--- What is required ---
From the entries below, write out exactly the lines between the line holding "Als ich aufzählte, was" and the line holding "石墨烯 x 鑽石粉 x", inclusive, excluding any pictures.
(Available records)
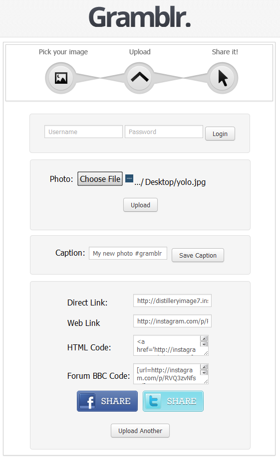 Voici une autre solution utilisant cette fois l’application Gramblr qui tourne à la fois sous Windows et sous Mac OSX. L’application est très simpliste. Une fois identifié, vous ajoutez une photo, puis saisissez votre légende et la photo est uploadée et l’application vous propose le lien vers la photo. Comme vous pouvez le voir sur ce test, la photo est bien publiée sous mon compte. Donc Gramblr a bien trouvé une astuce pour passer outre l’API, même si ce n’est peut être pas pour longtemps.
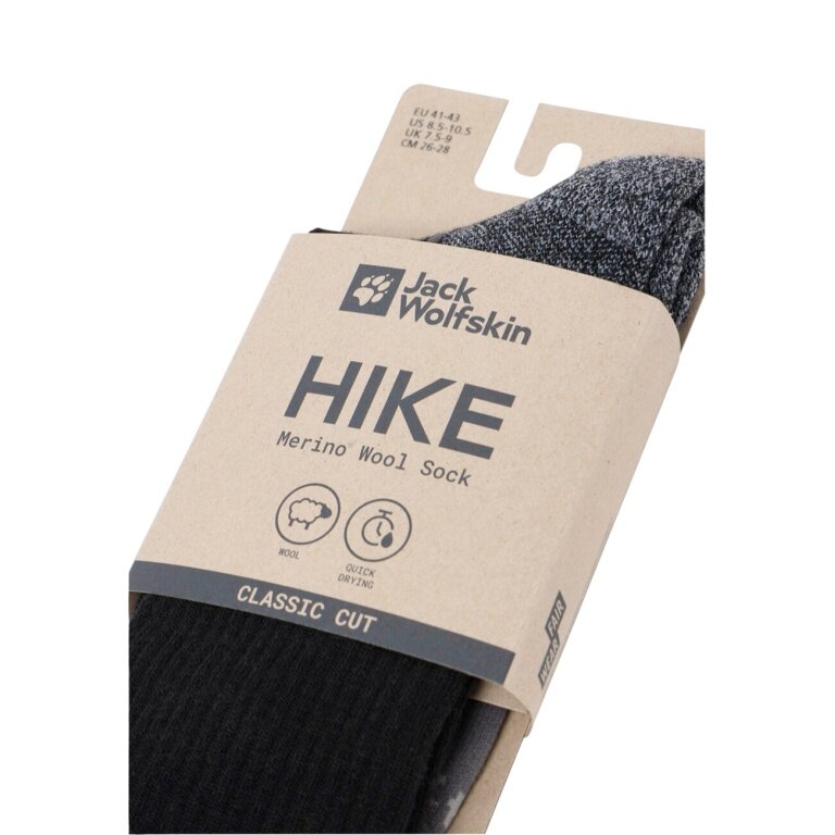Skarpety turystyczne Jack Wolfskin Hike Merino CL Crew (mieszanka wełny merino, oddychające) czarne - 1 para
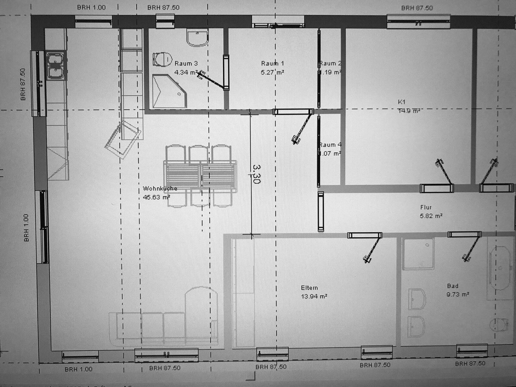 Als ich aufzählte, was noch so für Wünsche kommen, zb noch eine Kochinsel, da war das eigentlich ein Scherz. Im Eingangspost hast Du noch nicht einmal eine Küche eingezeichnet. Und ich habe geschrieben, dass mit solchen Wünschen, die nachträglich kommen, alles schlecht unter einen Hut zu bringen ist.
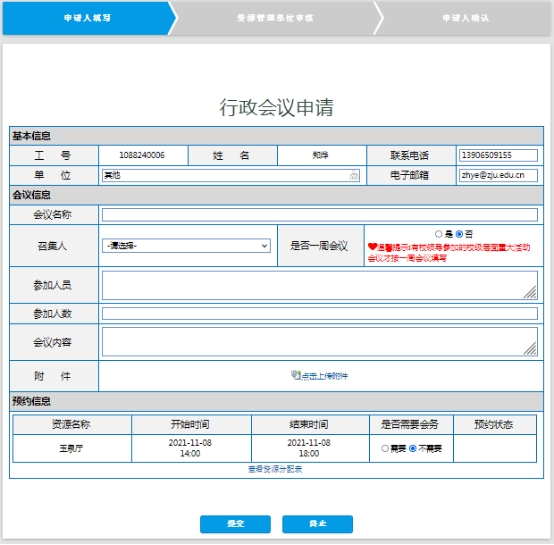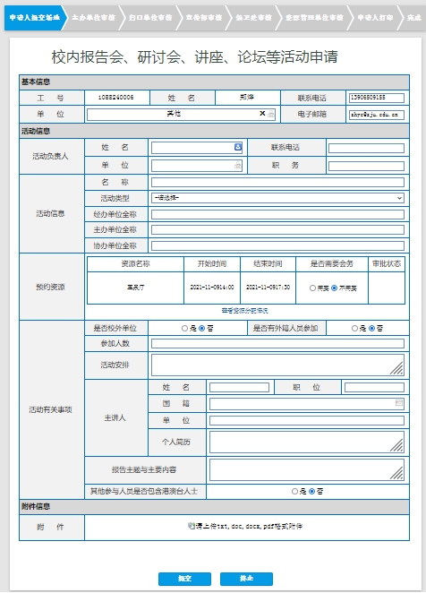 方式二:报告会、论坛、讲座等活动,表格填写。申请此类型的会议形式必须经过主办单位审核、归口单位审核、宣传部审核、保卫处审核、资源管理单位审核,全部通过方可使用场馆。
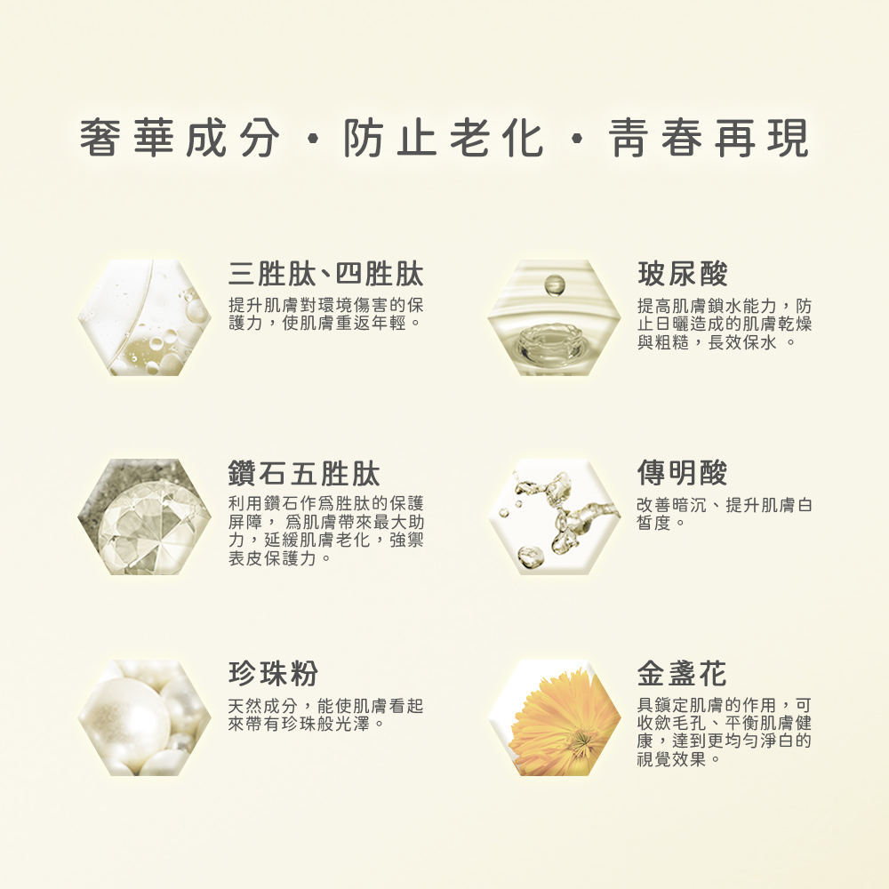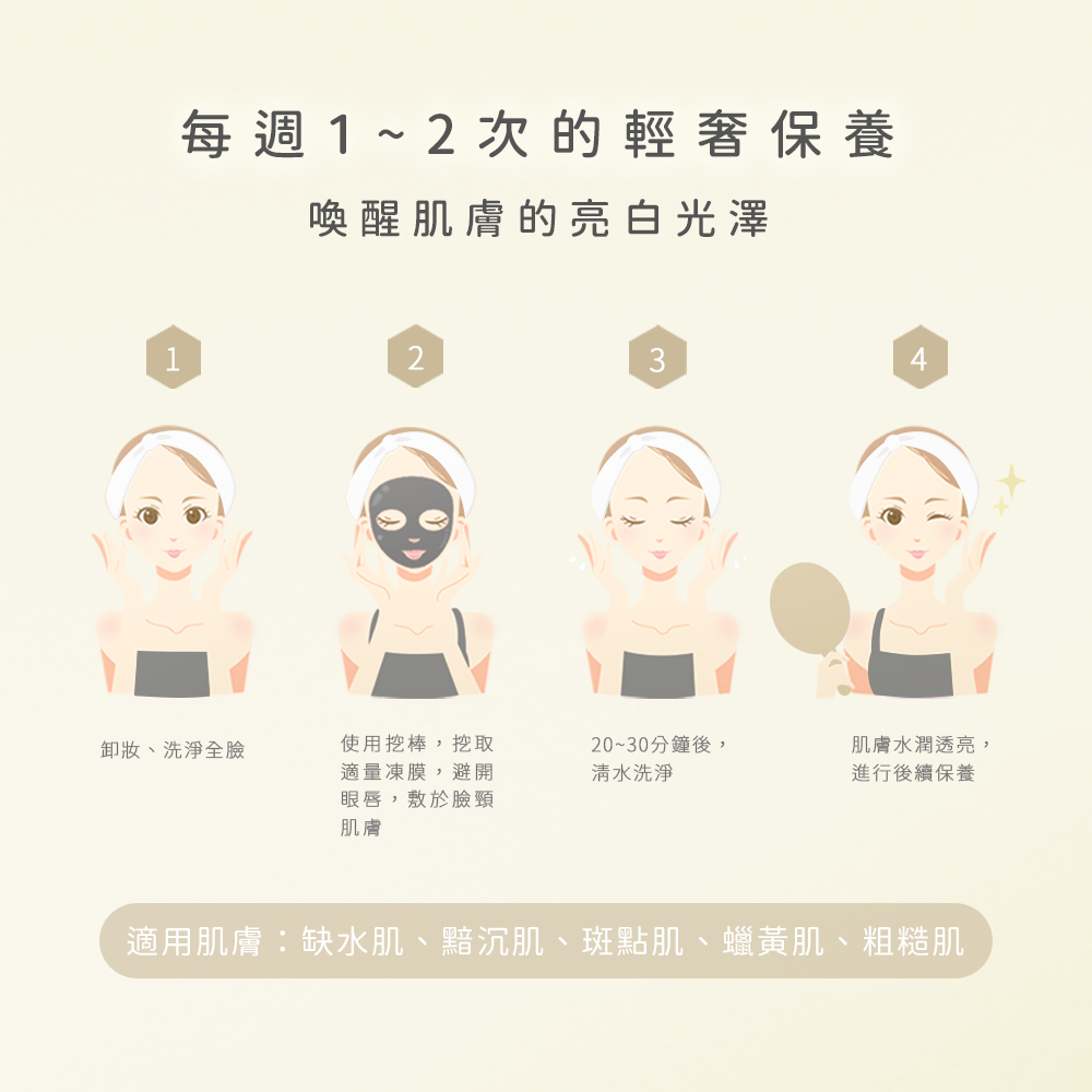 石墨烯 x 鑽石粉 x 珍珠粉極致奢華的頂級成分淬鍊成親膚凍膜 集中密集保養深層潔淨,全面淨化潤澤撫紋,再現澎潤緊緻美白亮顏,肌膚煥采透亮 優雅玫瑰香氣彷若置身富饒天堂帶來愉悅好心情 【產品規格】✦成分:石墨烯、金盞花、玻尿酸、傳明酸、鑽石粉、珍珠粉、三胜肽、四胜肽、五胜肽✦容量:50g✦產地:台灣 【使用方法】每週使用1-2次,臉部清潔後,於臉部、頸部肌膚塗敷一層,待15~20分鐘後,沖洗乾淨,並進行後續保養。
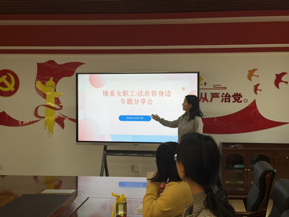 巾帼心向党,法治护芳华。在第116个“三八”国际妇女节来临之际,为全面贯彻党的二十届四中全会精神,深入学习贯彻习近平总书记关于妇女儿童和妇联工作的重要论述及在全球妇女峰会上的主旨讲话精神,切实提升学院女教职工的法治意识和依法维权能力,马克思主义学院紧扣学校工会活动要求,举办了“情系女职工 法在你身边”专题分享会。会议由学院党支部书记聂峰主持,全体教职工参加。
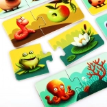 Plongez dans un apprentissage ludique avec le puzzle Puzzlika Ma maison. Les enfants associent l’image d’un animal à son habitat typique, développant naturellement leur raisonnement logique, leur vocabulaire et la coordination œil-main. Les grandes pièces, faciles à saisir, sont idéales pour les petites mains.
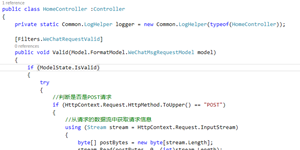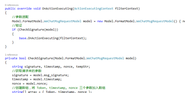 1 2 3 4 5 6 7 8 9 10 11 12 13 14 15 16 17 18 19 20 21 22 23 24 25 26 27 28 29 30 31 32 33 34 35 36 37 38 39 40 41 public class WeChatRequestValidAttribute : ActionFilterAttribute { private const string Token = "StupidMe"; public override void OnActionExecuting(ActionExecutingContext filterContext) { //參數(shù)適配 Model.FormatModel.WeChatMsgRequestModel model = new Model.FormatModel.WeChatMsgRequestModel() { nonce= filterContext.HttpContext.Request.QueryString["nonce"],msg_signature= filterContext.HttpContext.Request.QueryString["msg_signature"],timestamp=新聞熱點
(End Available records)
--- Answer to this problem ---
 Als ich aufzählte, was noch so für Wünsche kommen, zb noch eine Kochinsel, da war das eigentlich ein Scherz. Im Eingangspost hast Du noch nicht einmal eine Küche eingezeichnet. Und ich habe geschrieben, dass mit solchen Wünschen, die nachträglich kommen, alles schlecht unter einen Hut zu bringen ist.
 方式二:报告会、论坛、讲座等活动,表格填写。申请此类型的会议形式必须经过主办单位审核、归口单位审核、宣传部审核、保卫处审核、资源管理单位审核,全部通过方可使用场馆。
 石墨烯 x 鑽石粉 x 珍珠粉極致奢華的頂級成分淬鍊成親膚凍膜 集中密集保養深層潔淨,全面淨化潤澤撫紋,再現澎潤緊緻美白亮顏,肌膚煥采透亮 優雅玫瑰香氣彷若置身富饒天堂帶來愉悅好心情 【產品規格】✦成分:石墨烯、金盞花、玻尿酸、傳明酸、鑽石粉、珍珠粉、三胜肽、四胜肽、五胜肽✦容量:50g✦產地:台灣 【使用方法】每週使用1-2次,臉部清潔後,於臉部、頸部肌膚塗敷一層,待15~20分鐘後,沖洗乾淨,並進行後續保養。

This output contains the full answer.